We get an idea of whom Jesus saw as sick and sinner when he spoke and taught on who was blessed: the poor, the mournful, the meek, justice seekers, mercy givers, goodhearted, peacemakers, persecuted, reviled (Matthew 5:1-12). Jesus is not saying here that in a perfect world the cursed will be transformed to the blessed. He is not saying in a future world the cursed will be blessed. He is saying they are blessed now, right there in their deprivation.

What kind of nonsense is that? People who are cursed are not blessed. Maybe in some mumbo-jumbo spiritual-thinking world, but not in the real world.  So, if in Jesus’ world, a world he says is indeed the real world, the cursed are blessed, then who, pray tell, in Jesus’ world are the cursed?
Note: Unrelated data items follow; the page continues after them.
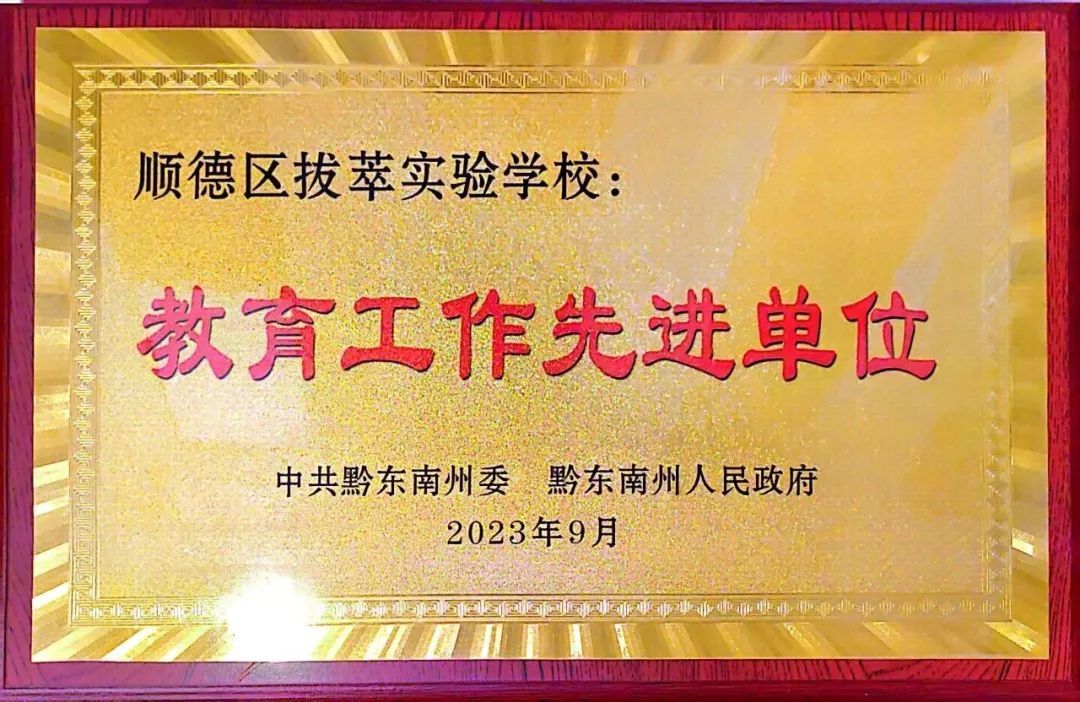 记者今日从佛山市顺德区拔萃实验学校获悉,日前,一则《中共黔东南州委 黔东南州人民政府关于表扬2023年黔东南州教育工作优秀个人和先进单位的决定》的讯息以及一副“教育先进工作单位”的金色牌匾,从贵州一角跨过大山送达了该校。这一份珍贵荣誉,见证该校几年来一直践行“教育帮扶”,“牵手”黔东南共推教育事业高质量发展。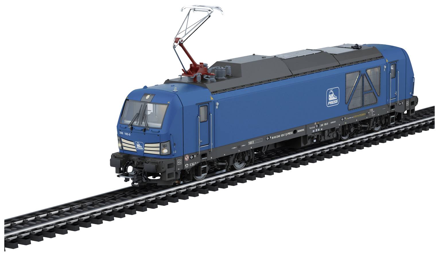Mit Strom und Diesel Vorbild: Zweikraftlokomotive BR 248 (Vectron Dual Mode) der Eisenbahn-Bau- und Betriebsgesellschaft Pressnitztalbahn mbH (PRESS). Aus der Vectron-Produktfamilie von Siemens. Betriebsnummer 248 105. Betriebszustand 2023.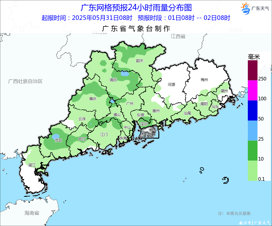 具体来看,6月1日,全省多云为主,部分市县有分散或局地(雷)阵雨。最高气温:粤西市县33~35℃,其余市县31~33℃。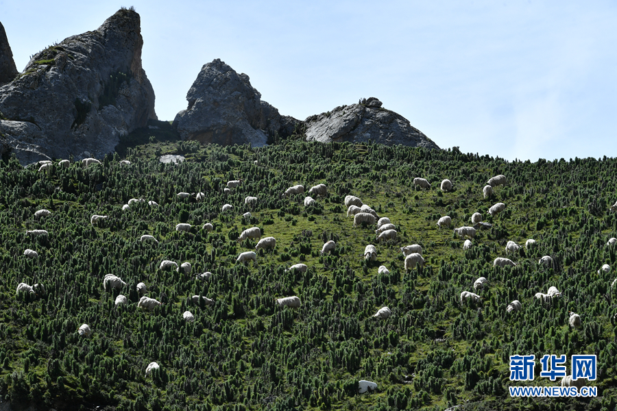 遍山的羊群在天峻溝內(nei) 吃草。新華網 卡婭梅朵 攝

Precisely those who claim to be blessed and find power and position and status in their own self-judgment. I’m thinking of the Elder Son in the story Jesus tells (Luke 15). I’m thinking of Jesus’ indictment of the Scribes and Pharisees (Matthew 23). Who, in other words, were the sick and the sinner that needed a reckoning and a savior? It was those who were blessed, not cursed. It was the First, the Found, the Full, the Fabulous and the Alive who were and are the target of Jesus unconditional love attack. They are the ones to be loved into destruction and oblivion.  Not only destroyed for their sake, that they might know the liberty of seeing life as a gift and not as self-deserved or self-possessed, but also for the sake of the economically, politically and socially poor and oppressed who could benefit from some sharing with those who have so much.

But notice, please, how the cursed are to be taken out. This is where it gets hard. It’s the reason Jesus sweat blood before he was executed (Luke 22). The cursed are to be loved to death (I called it, a moment ago, the “unconditional love attack”). I know this flies in the face of, say, Deuteronomy 13, where the faithful are not simply encouraged to avoid the unfaithful, but to, well, kill them. But Jesus lives in the wild world of being killed instead of killing others rather than the domesticated world of killing others before they can get to you.

This is the power of the cross and what is confirmed and sealed as the real deal in the resurrection.

 The power is love that is unrelenting and never ending (I Corinthians 13).

 So, those people you hate….love them. I really have a hard time with this. But Jesus doesn’t apologize to me or you. He just keeps on relentlessly and never-endingly loving. And the world is transformed.